A number of letters have been received by Ministers in the department from the members of the executive committee of the Field Studies Council in recent months, particularly following the publication of its joint report with the British Ecological Society Teaching Biology outside the classroom. Is it heading for extinction? The responses point out that at both GCSE and A-level, the use of fieldwork in the delivery of the curriculum is encouraged but not compulsory as it is for each school or college to decide how best to teach its students.

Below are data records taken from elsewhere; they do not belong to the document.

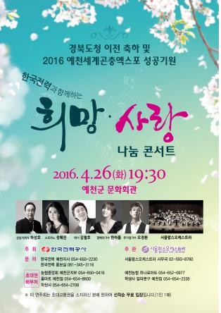 이번 음악회는 경북 도청 이전 축하 및 2016 예천세계곤충엑스포 성공기원을 기념하고자 예천군 시민들의 많은 관심으로 다가올 것이라 전망된다. 예천군 시민의 문화향유를 위해 기획된 이번 음악회는 대중의 귀에 익숙한 클래식, 팝송, 재즈 등의 다양한 장르를 팝·클래식으로 재해석하여 남녀노소를 불문하고 누구나 쉽게 즐길 수 있는 레퍼토리로 준비되며, 소프라노 성혜진 ,테너 김철호, 팝페라 가수 한아름, 뮤지컬 가수 오정환 등이 출연해‘희망ㆍ사랑 나눔 콘서트’의 열기를 더해줄 전망이다.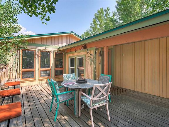 A home to make your own! Enjoy a quiet location just 2 blocks from the Silverthorne Rec Center & Rainbow Park. A peaceful side garden with full grown aspen trees leads to open space adjacent to the backyard. The sunny front deck offers more outdoor space to entertain friends & family. Enjoy main level living with a family room, dining room & kitchen, plus a unique sunroom. Lower level utility/laundry + second living space and a large flex/bonus space. 2-car garage. Tons of potential, sold as-is.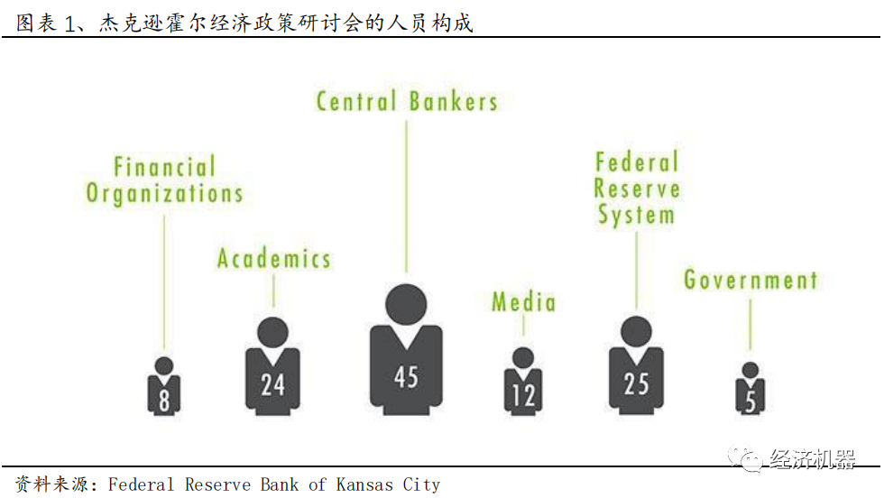 1978年開始,堪薩斯聯儲在堪薩斯召開了一系列經濟研討會,話題相當廣泛,比如起初四次是關于農業問題的,因為當時農業問題很重要。1982年起,話題開始轉向了經濟和貨幣政策,并把地點固定在了堪薩斯州的一個山谷:杰克遜·豪爾,即杰克遜·霍爾經濟政策研討會。這個會議是世界上歷史最悠久的中央銀行會議之一。研討會匯集了來自70個國家的經濟學家、金融市場參與者、學者、美國政府代表和新聞媒體,總計約120人,討論共同關心的長期政策問題(圖表1)。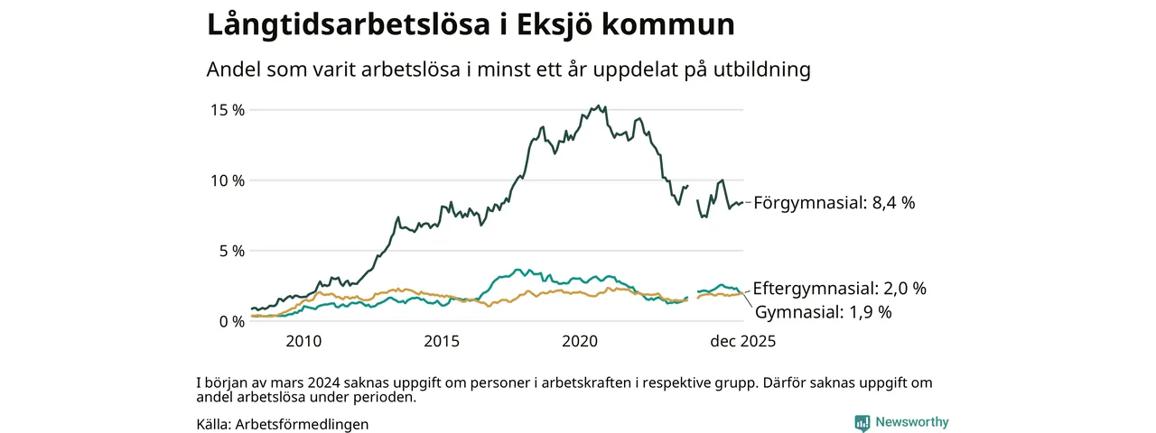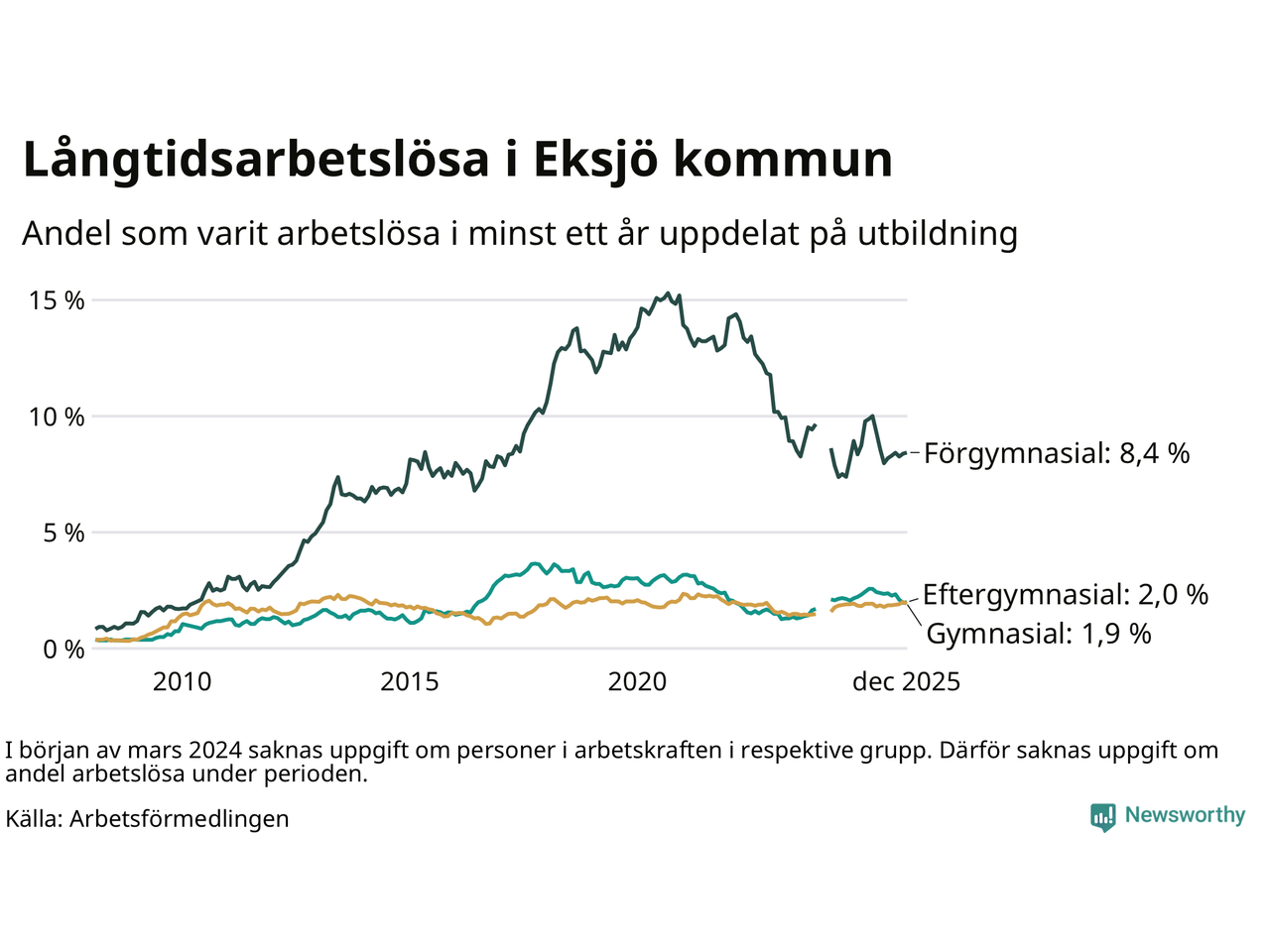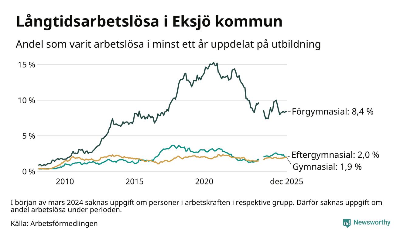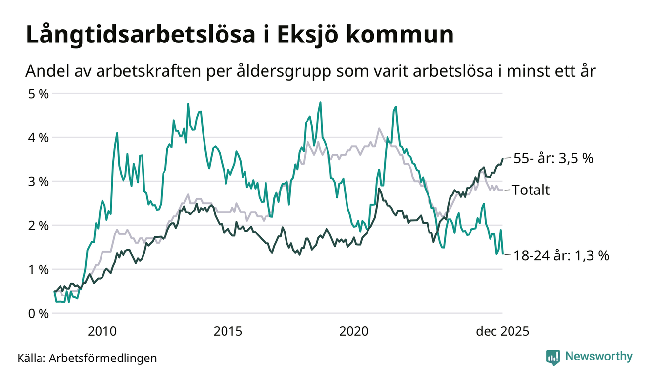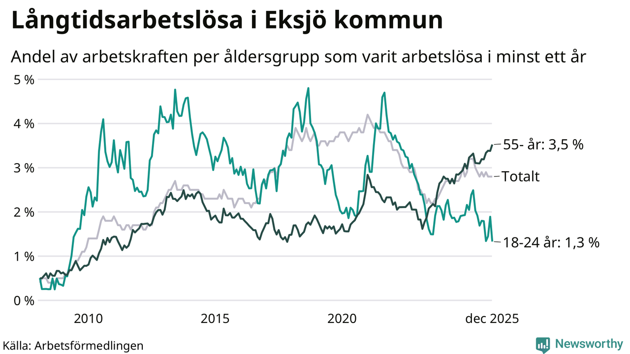 Av de 230 personerna som varit arbetslösa i mer än ett år i Eksjö kommun är 70 personer mellan 55 och 651 år och tolv är mellan 18 och 24 år. För den äldre gruppen är andelen arbetslösa 3,5 procent medan den i den yngre gruppen är 1,3 procent. Även i riket som helhet är långtidsarbetslösheten högre i gruppen äldre.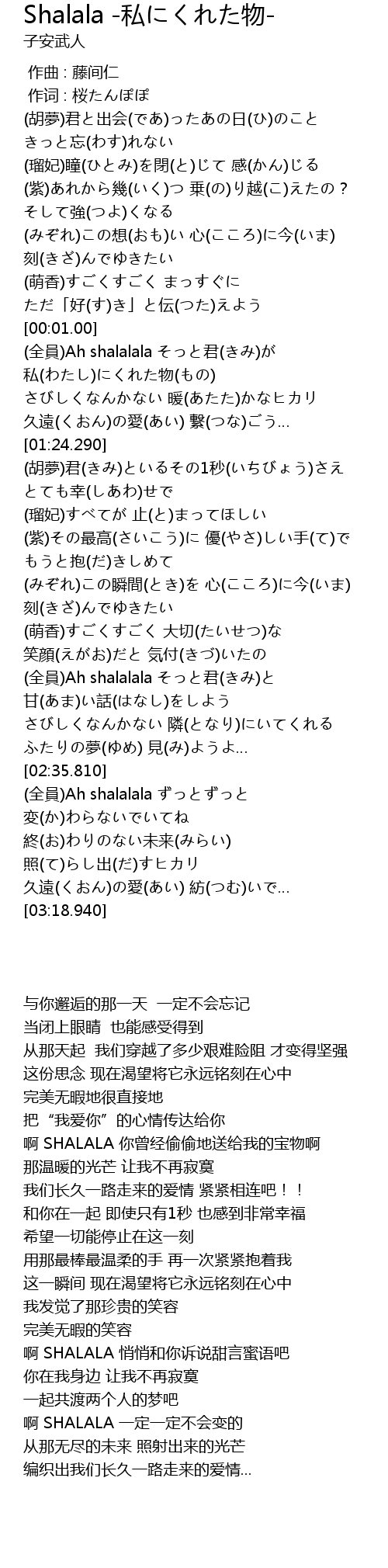 | [01:00.680] | (全員)Ah shalalala そっと君(きみ)が 私(わたし)にくれた物(もの) |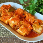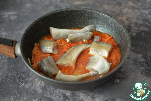 Навагу нарежьте на порционные куски и положите в томатный маринад.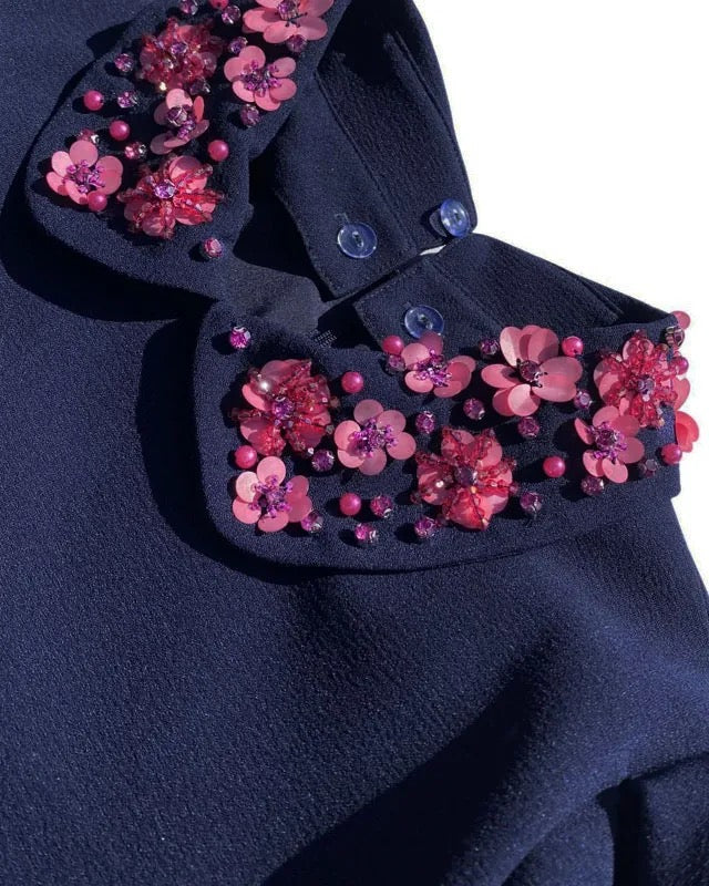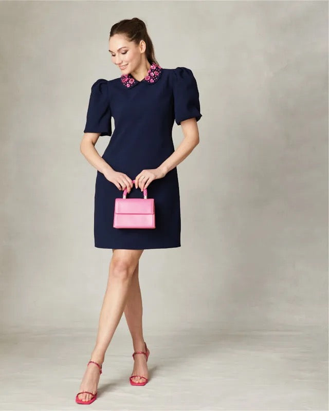 The Sabrina Dress features a meticulously hand-beaded detachable collar, allowing versatile styling for any occasion. Designed with elegant puff sleeves and practical pockets, this dress effortlessly blends refined detail with modern functionality.

Our major initiative "Growing Schools" is a project to develop and disseminate best practice in the use of the outdoor classroom in a number of curriculum subjects, and in particular biology and geography. I am pleased to say that Tony Thomas, Chief Executive of the Field Studies Council, has therefore kindly agreed to sit on the Advisory Group for "Growing Schools".

Our £51 million partnership with the Wellcome Trust to establish a network of science learning centres will provide continuing professional development for primary science coordinators and secondary science teachers and technicians. We anticipate that, over time, the centres will help teachers to develop their skills in out of classroom teaching.